Yuxiang and Xien (1992b) considered the rate-based approach and produced a steady state model of a reactive MTBE column. The primary advantage of this approach is that equipment dimensions and packing (or tray) characteristics can be accounted for within the model so that a more realistic view of the column is afforded. However, this is more than offset by the increased demand on empirical constants and the much larger number of equations that must be solved. To support their methodology, Yuxiang and Xien conducted experiments to determine mass transfer coefficients and some other properties. They were able to show that the rate-based approach yields almost identical results to the equilibrium stage model provided sufficient detail is included in the model but did not demonstrate any advantage with respect to model accuracy or efficiency.

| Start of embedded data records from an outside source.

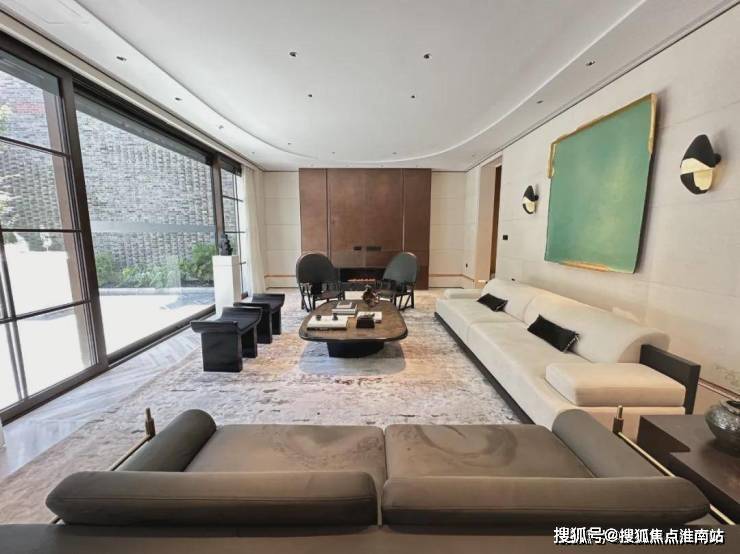 整个泳池天花板,呈现出海派拱形元素,落地玻璃窗外,是下沉式的景观空间: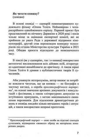 В основі оповіді — сценарій повнометражного художнього фільму «Олена Теліга. Неймовірна» і чотирисерійного серіалу.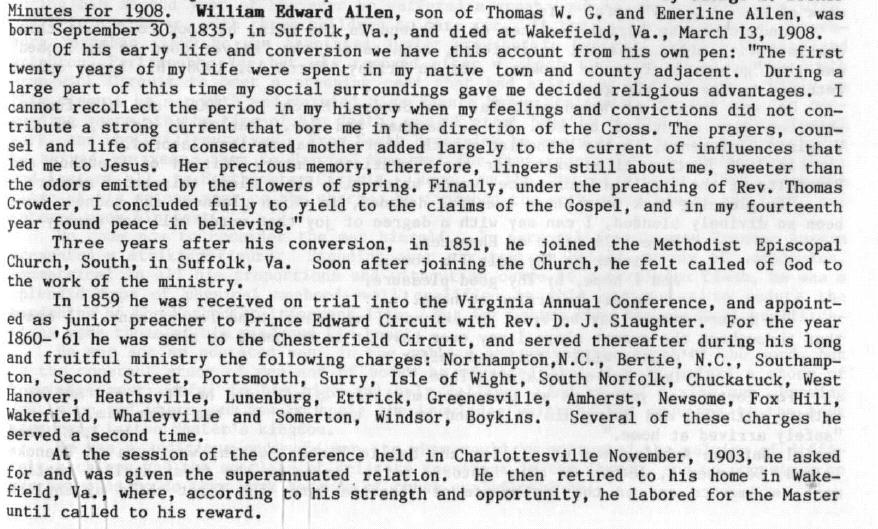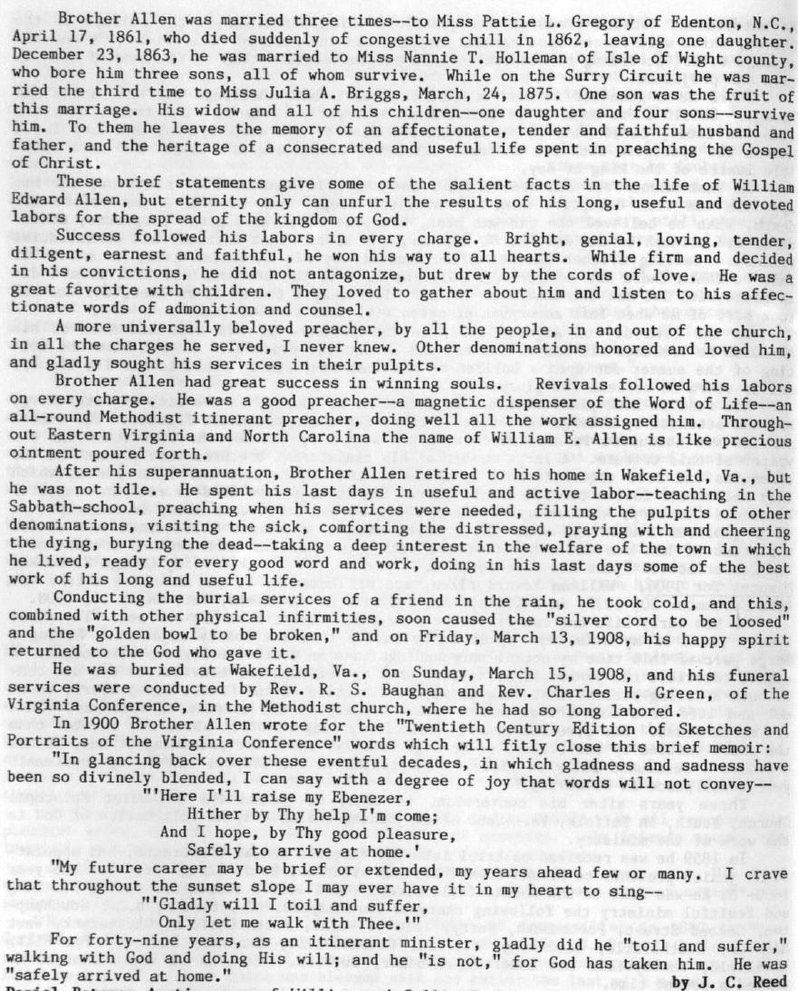 William Edward Allen biography - Text Images from "Memoirs -- 200 Years" - Soldiers of the Cross, 1785-1987" by W.D. Keene, Jr.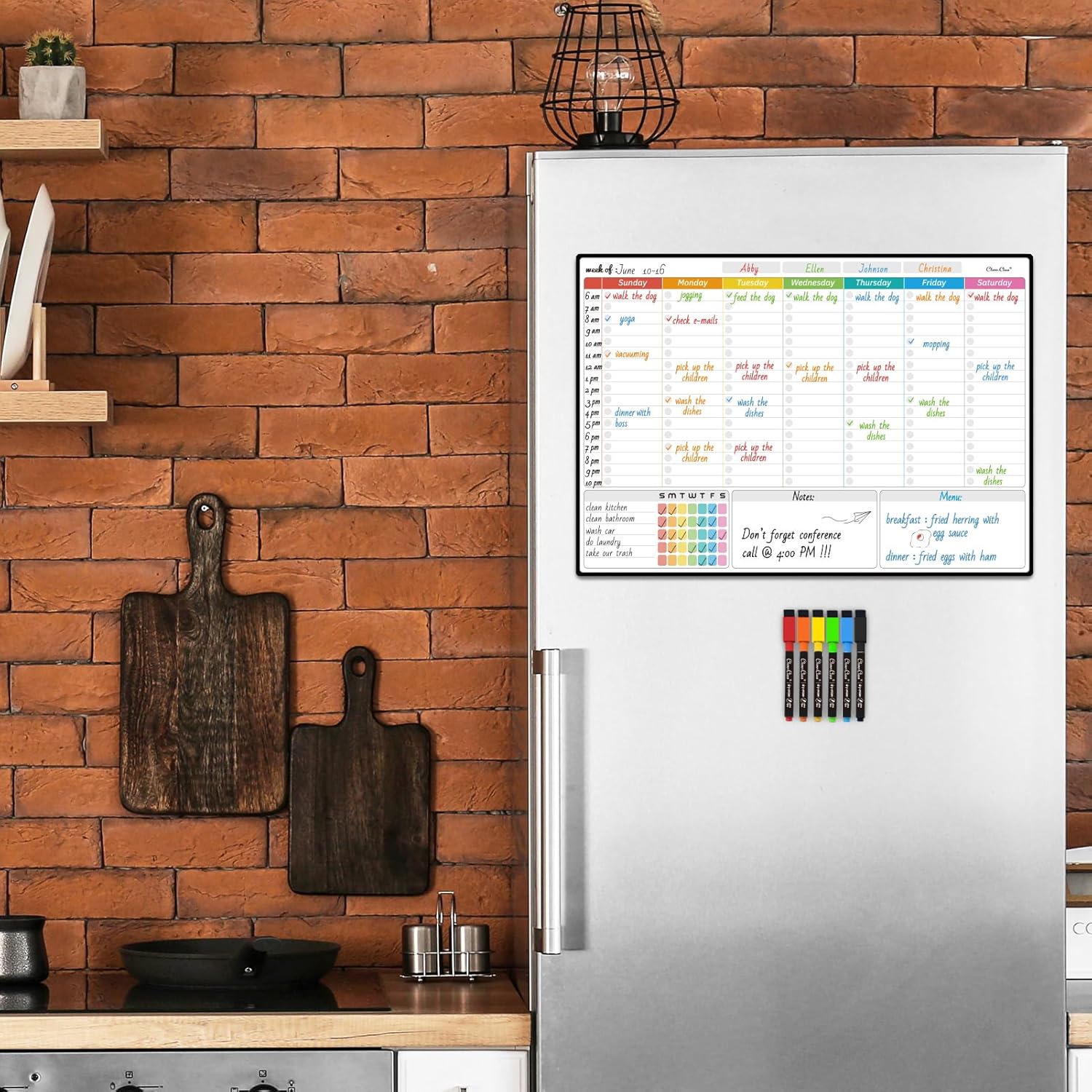 Magnetic Dry Erase Weekly Calendar for Fridge - Large 17"x12" Magnetic Weekly Planning Board with Hourly Time Slots - 6 Extra Fine Point Markers Included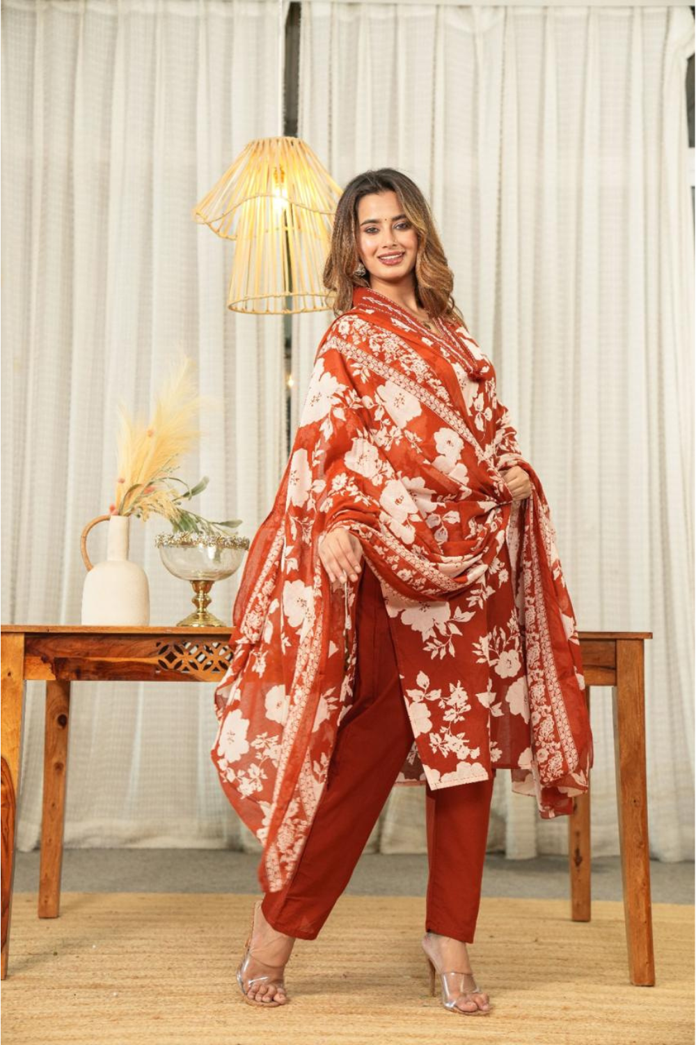 The a line suit is adorned with soft ivory floral motifs that create a soothing contrast against the deep rust base. The large botanical patterns add freshness and vibrancy, reflecting the timeless connection between nature and femininity. -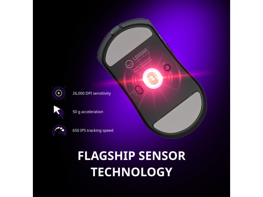Model MSE90W je vybavený vlajkovým snímačom Pixart 3395 a vykazuje výnimočnú presnosť s citlivosťou až 26 000 DPI a zrýchlením 50 g. Tento pokročilý optický snímač poskytuje spoľahlivé sledovanie až do 650 IPS, čím zabezpečuje presnosť na úrovni pixelov na akomkoľvek hernom povrchu.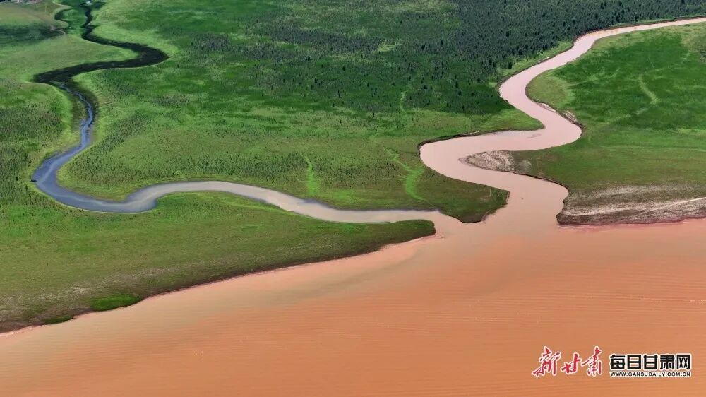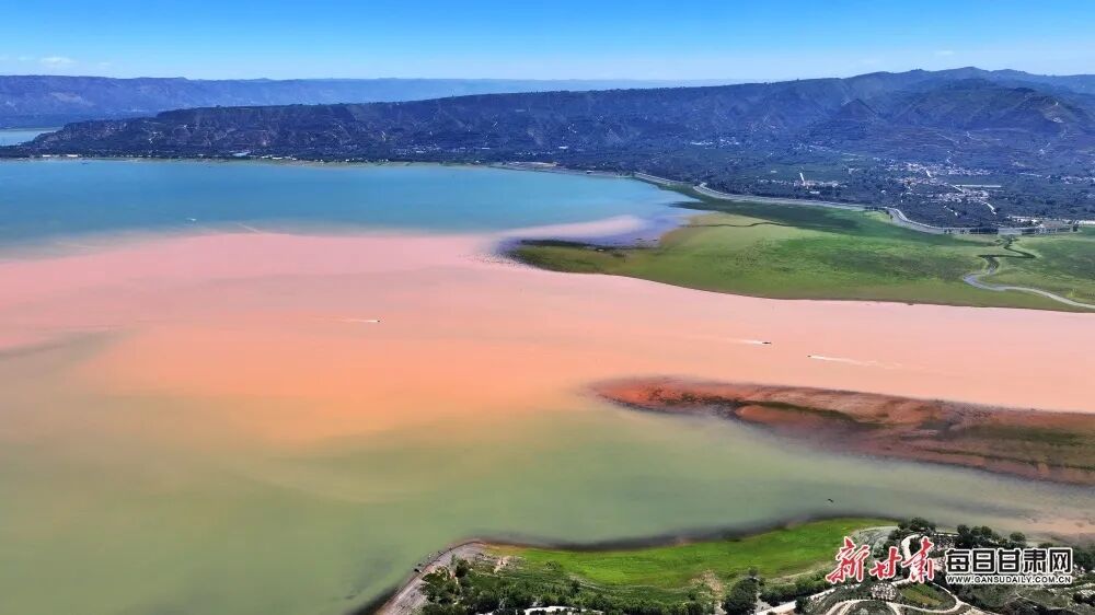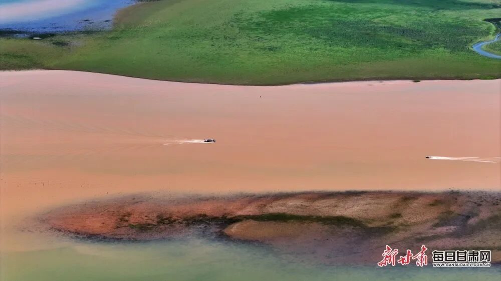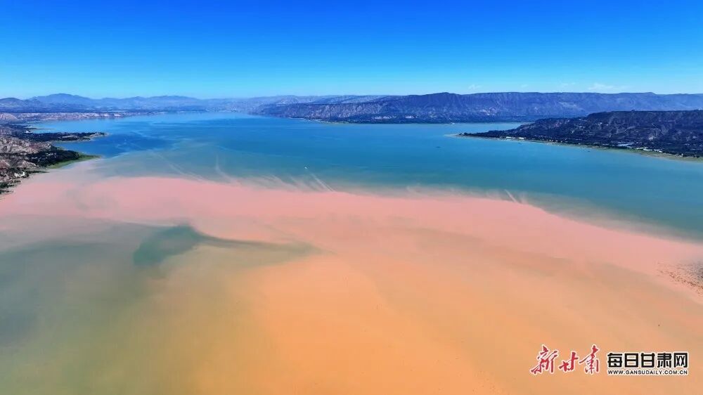 临夏州刘家峡水库位于黄河上游,这里有一处神奇的景观——黄洮交汇。一清一浊一绿一黄,黄河和它的第二大支流洮河交汇形成了清晰的分界线,碧蓝的黄河与橙黄的洮河相遇,以“Y”字形在龙汇山前交汇,泾渭分明形成天然“鸳鸯锅”。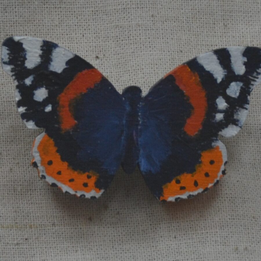 Original acrylic painted brooch of a red admiral butterfly.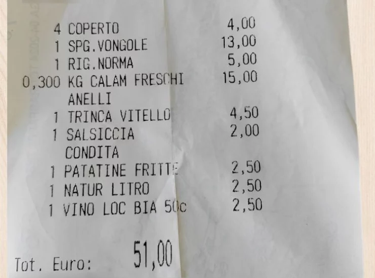 Dopo un pranzo in Sicilia a Catania, il cliente mostra lo scontrino, il costo del pranzo è veramente sorprendente.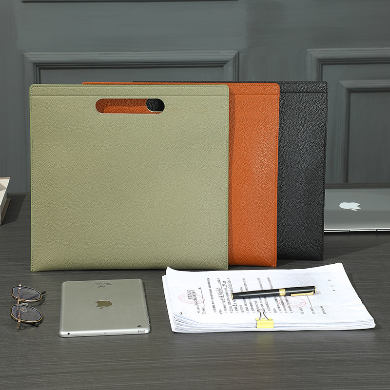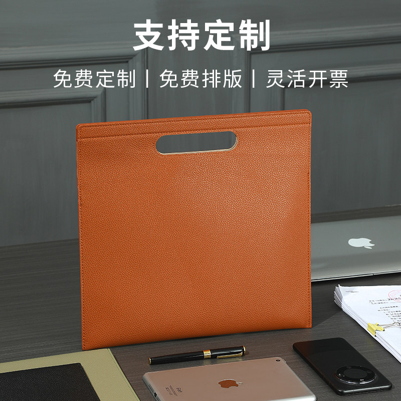 新款A4荔枝纹手提文件袋皮质定制大容量防水商务办公档案资料袋便携公文包可印logo加厚收纳文件包耐磨

Sundmacher and Hoffman (1996) also developed a rate-based model of a reactive distillation process but used correlations instead of experiments to find the necessary mass transfer parameters. They attempted to validate their model with experimental data but the agreement between the model and the experimental was weak and they provided insufficient data to fully assess the effectiveness of their model.

Grosser et al. (1987) proposed a simplified non-steady state model of reactive distillation for a nylon 6,6 column but their assumption of constant molar overflow in the vapour phase is considered unrealistic for most systems, including MTBE and ETBE processes. More recently, several rigorous dynamic models have been proposed for simulating transient events and investigating process dynamics of reactive distillation. Abufares and Douglas

(1995) proposed a model based on the equilibrium stage approach that included expressions to account for tray hydraulics and reaction kinetics. They successfully demonstrated the validity of this approach by comparing simulation results to previously published experimental results from a laboratory scale column. Ruiz et al. (1995), Schrans et al.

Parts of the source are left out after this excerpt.